12. The testing device according to claim 11, wherein each first clamping member and each second clamping member are both an L-shaped curved side clip, and a convex direction of a curved surface of the L-shaped curved side clip is opposite to a bending direction of a panel to be tested.

13. The testing device according to claim 12, wherein a curvature of the curved surface of each L-shaped curved side clip is greater than a curvature of the corresponding substrate to be tested.

14. The testing device according to claim 11, wherein the base is welded with a first support column close to the first side of the box, and the base is welded with a second support column close to a second side of the box, a first cross beam is disposed at a top of the base, and the first support column and the second support column are fixedly connected to the first cross beam; wherein the base is further welded with a third support column, the third support column is arranged between the first support column and the second support column, and the third support column is fixedly connected to the first cross beam.

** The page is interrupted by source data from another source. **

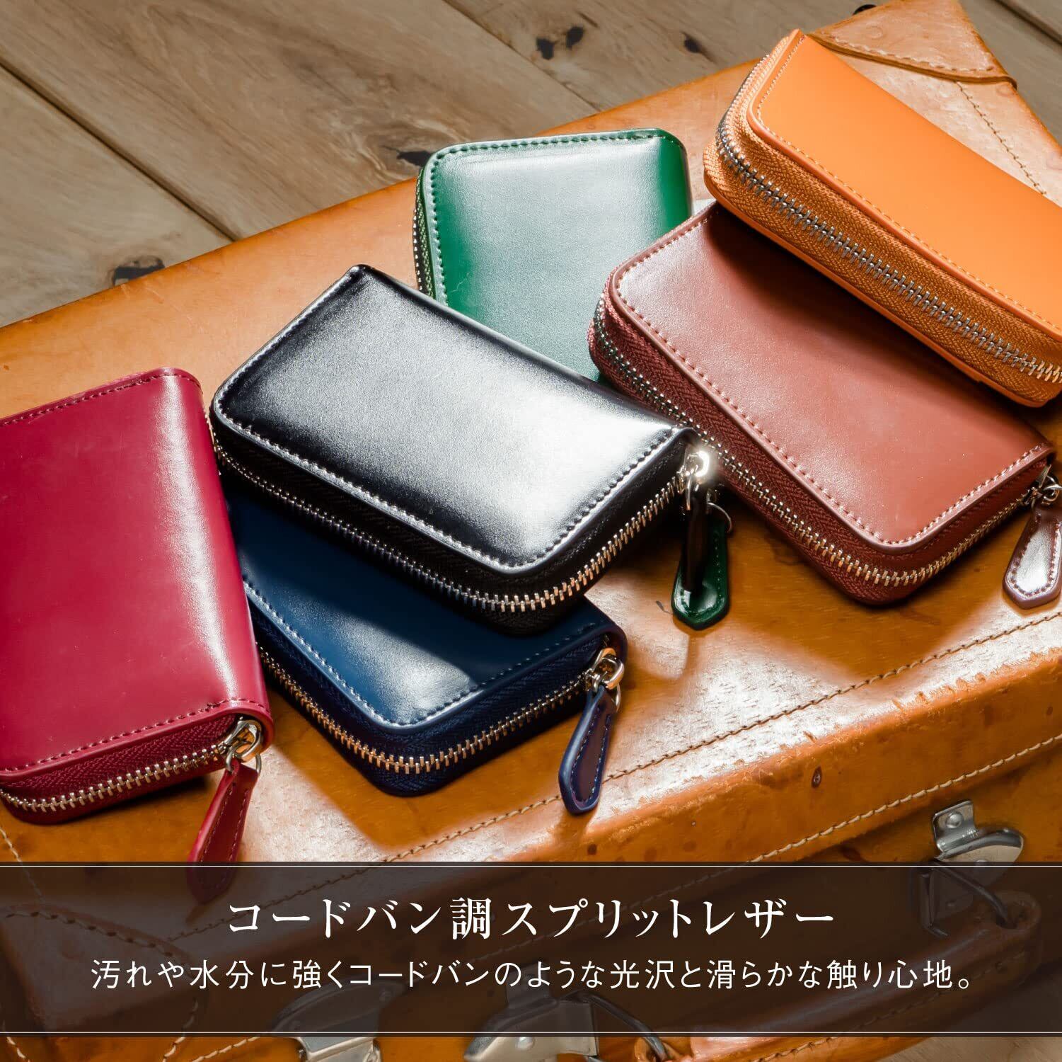 [ムラ] コインケース 小銭入れ メンズ 本革 ファスナー コードバン調 カード入れ
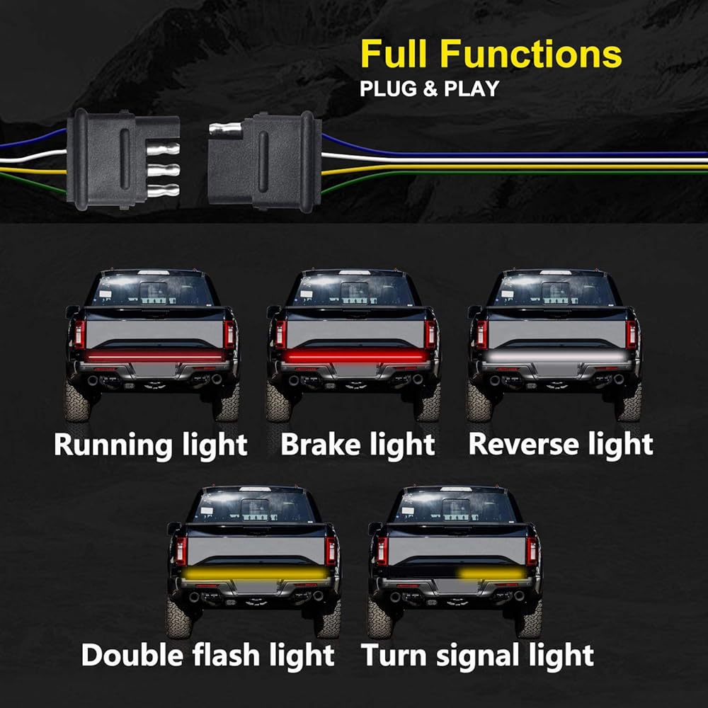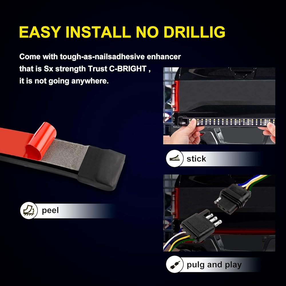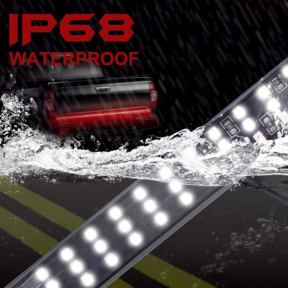 【Quick Installation & Waterproof IP67】: No Drill Install. Self-adhesive genuine 3M tape and well conductive standard 4-pin flat plug can easily stuck on where you need.The LED Tailgate Light Bar with IP67 waterproof rate ,works good whatever in rainy or snowy days.With inline fuse for short circuit protection,the truck tailgate bar can be super durable.
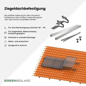 Mit dem Grundset-Ziegeldach 1er Set montierst du ein Solarmodul sicher und stabil auf deinem Ziegeldach – ganz gleich, ob auf dem Hauptdach, dem Gartenhaus oder dem Vordach deines Hauses. Die Befestigung erfolgt mittels robuster Dachhaken, die direkt an der Dachkonstruktion angebracht und mit Trageschienen und Endklemmen kombiniert werden. Für die Montage eines einzelnen Glasmoduls reicht dieses Grundset vollkommen aus. Du kannst es aber flexibel erweitern: Bis zu drei zusätzliche Module lassen sich durch separat erhältliche Erweiterungssets in einer Reihe anbringen. Das System ist langlebig, witterungsbeständig und auf eine einfache Selbstmontage ausgelegt – mit allen wichtigen Infos in der Montageanleitung im Downloadbereich. Ideal für alle, die Solarenergie auf vorhandenen Ziegeldächern effizient und elegant nutzen möchten.
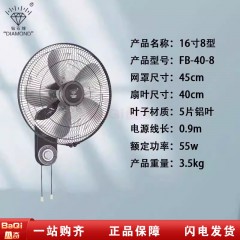 钻石牌FB-40-8 16寸8型壁扇家用静音壁挂式大风力工业摇头挂壁电风扇

15. The testing device according to claim 14, wherein a fixing frame is disposed between the second side of the box and the pressing mechanism, a first end of the sliding mechanism is fixed on the fixing frame, and a second end of the sliding mechanism penetrates the pressing mechanism and is fixed on the third support column.

16. The testing device according to claim 15, wherein the sliding mechanism comprises a sliding rail and a sliding rod, the sliding rail is fixed on the base, and the sliding rod is fixed on the sliding rail and exposes a track of the sliding rail.

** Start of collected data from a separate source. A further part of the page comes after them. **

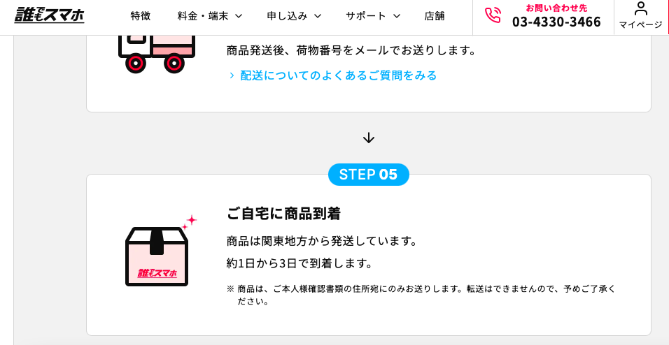 誰でもスマホは、およそ1〜3日で商品が到着します。
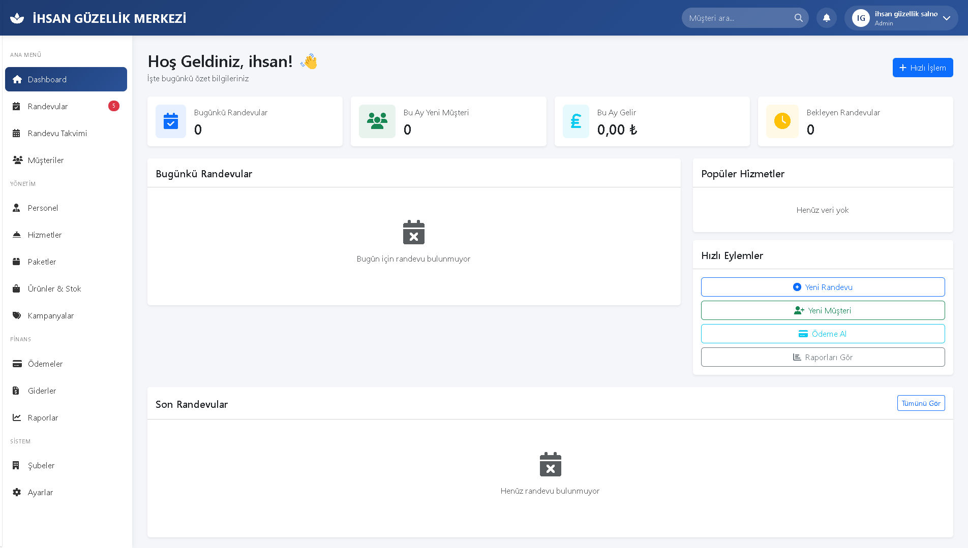randevu yönetiminden finansal analizlere, stok takibinden müşteri ilişkilerine
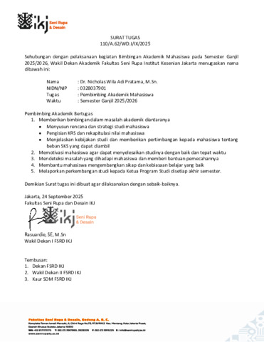 Adi Pratama Willa, Nicholas (2025) Surat Tugas Pembimbing Akademik. Fakultas Seni Rupa dan Desain Institut Kesenian Jakarta.

17. The testing device according to claim 15, wherein the pressing mechanism comprises a second clamping mechanism and a third clamping mechanism, the second clamping mechanism is disposed on the sliding rail, the second clamping mechanism holds the sliding rod, two ends of the second clamping mechanism are engaged with the track of the sliding rail, and the third clamping mechanism holds the first cross beam.

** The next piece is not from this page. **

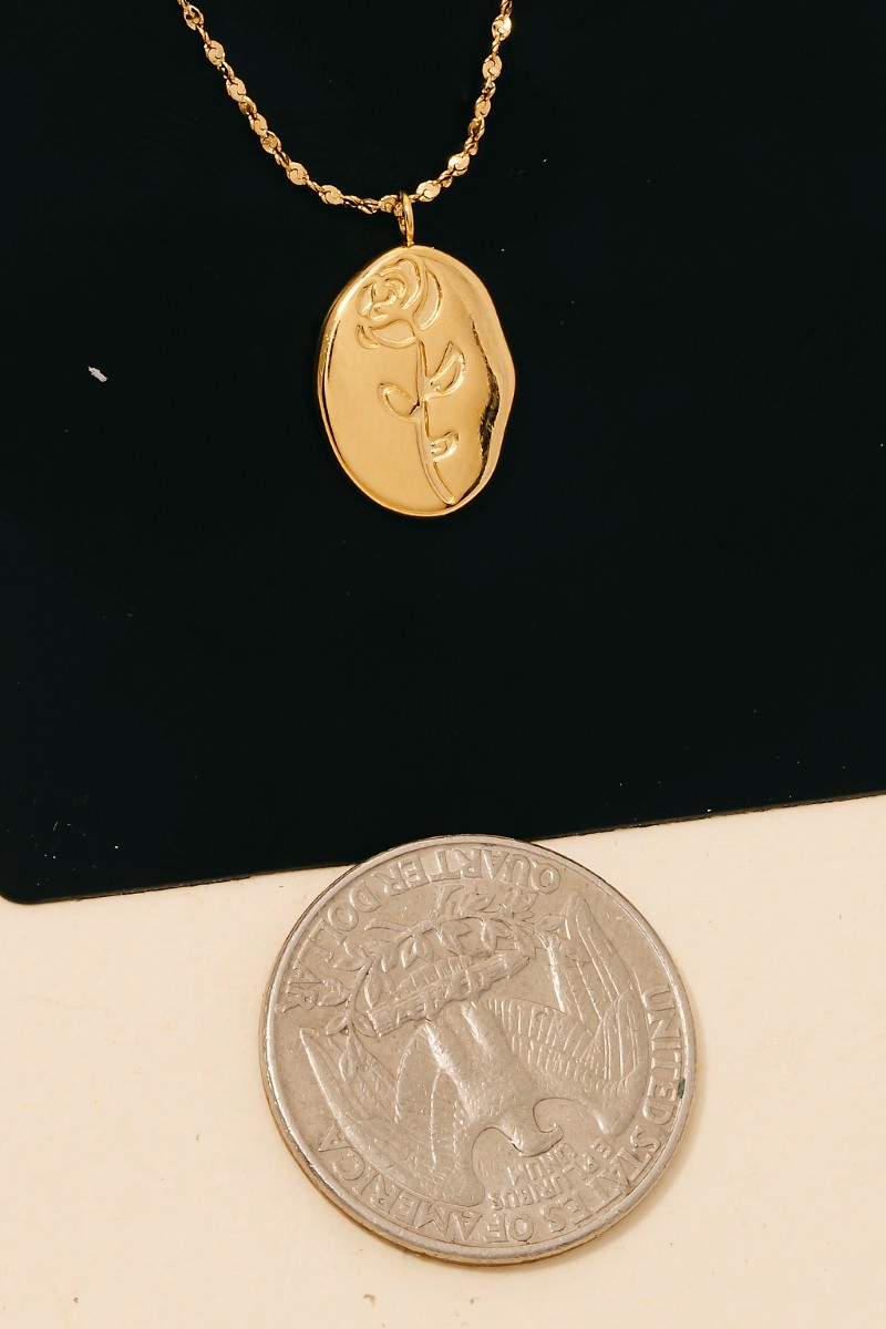 - Elevate any look, this necklace emanates an elegant stainless steel rose engraved pendant design. A perfect addition to your wardrobe that effortlessly enhances your style. Available in G. This item is sold in packs of 1.

18. The testing device according to claim 17, wherein the pressing mechanism further comprises a fourth clamping mechanism, a first end of the fourth clamping mechanism is fixedly connected to the second clamping mechanism, and a second end of the four clamping mechanism is fixedly connected to the second clamping mechanism; and wherein the fourth clamping mechanism is threadedly connected to the screw rod.

19. The testing device according to claim 15, wherein the transmission mechanism comprises a rotating arm, a rotating shaft, a first gear member, a second gear member, a third gear member, a chain, and a tray; the tray is fixed to the fixing frame; the first gear member and the second gear member are both disposed on the tray, and the third gear member is fixedly connected to the screw rod; and a first end of the rotating shaft is fixedly connected to the rotating arm, and a second end of the rotating shaft is fixedly connected to the first gear member; wherein the first gear member, the second gear member, and the third gear member are connected and driven by the chain, an engagement direction of the first gear member with the chain is same as an engagement direction of the third gear member with the chain, and an engagement direction of the second gear member with the chain is opposite to the engagement direction of the third gear member with the chain.

20. The testing device according to claim 19, wherein a gear radius of the first gear member is greater than a gear radius of the second gear member, and the gear radius of the second gear member is same as a gear radius of the third gear member.